Your instructions |
Within the records below, find each line with the word "American" and copy it out.

----- Exercise input -----

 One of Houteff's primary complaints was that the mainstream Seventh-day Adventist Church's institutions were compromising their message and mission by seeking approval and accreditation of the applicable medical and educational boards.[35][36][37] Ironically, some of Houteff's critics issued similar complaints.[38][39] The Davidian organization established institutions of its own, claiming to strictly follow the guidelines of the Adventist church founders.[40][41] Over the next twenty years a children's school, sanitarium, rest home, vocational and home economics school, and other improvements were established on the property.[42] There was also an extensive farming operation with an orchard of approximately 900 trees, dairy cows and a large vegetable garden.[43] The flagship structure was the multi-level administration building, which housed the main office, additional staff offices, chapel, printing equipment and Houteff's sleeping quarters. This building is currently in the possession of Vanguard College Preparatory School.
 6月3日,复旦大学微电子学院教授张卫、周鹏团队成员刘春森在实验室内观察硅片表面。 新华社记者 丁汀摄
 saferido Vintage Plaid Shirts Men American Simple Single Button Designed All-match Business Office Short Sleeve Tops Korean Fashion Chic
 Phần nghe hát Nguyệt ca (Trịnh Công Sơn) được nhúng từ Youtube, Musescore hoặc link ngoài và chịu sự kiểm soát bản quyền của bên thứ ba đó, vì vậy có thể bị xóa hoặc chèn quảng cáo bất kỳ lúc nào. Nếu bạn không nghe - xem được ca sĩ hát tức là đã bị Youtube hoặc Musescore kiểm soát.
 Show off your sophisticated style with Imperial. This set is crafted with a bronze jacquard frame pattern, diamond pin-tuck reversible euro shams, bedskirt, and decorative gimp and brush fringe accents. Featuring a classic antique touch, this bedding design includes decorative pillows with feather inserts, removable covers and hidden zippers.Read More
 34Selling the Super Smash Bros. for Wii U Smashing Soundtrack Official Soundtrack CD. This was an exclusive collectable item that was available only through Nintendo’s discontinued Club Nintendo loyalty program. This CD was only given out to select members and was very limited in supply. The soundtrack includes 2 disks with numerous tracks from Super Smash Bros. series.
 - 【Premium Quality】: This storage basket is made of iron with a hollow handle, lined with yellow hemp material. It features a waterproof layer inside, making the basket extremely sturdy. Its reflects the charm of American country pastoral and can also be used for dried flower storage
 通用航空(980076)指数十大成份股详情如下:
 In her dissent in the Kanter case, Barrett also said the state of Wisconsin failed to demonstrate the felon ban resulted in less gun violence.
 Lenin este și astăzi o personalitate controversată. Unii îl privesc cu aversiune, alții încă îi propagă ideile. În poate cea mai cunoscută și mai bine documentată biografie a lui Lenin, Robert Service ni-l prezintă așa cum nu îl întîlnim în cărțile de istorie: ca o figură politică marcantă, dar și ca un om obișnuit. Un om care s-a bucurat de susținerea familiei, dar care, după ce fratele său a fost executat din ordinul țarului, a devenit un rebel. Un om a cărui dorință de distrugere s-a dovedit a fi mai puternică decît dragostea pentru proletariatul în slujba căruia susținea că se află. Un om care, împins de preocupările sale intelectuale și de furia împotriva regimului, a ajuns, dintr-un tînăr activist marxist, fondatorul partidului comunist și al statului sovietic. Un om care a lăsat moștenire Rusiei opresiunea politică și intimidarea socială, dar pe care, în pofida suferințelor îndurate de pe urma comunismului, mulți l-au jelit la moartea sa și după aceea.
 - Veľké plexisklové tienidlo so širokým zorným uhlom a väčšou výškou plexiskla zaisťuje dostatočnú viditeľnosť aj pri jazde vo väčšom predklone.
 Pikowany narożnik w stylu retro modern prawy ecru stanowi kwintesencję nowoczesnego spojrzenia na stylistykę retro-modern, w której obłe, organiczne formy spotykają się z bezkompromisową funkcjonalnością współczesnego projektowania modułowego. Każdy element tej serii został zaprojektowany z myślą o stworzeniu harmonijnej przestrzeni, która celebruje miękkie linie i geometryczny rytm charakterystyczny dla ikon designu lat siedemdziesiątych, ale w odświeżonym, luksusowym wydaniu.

-----

Task response |
 saferido Vintage Plaid Shirts Men American Simple Single Button Designed All-match Business Office Short Sleeve Tops Korean Fashion Chic
 - 【Premium Quality】: This storage basket is made of iron with a hollow handle, lined with yellow hemp material. It features a waterproof layer inside, making the basket extremely sturdy. Its reflects the charm of American country pastoral and can also be used for dried flower storage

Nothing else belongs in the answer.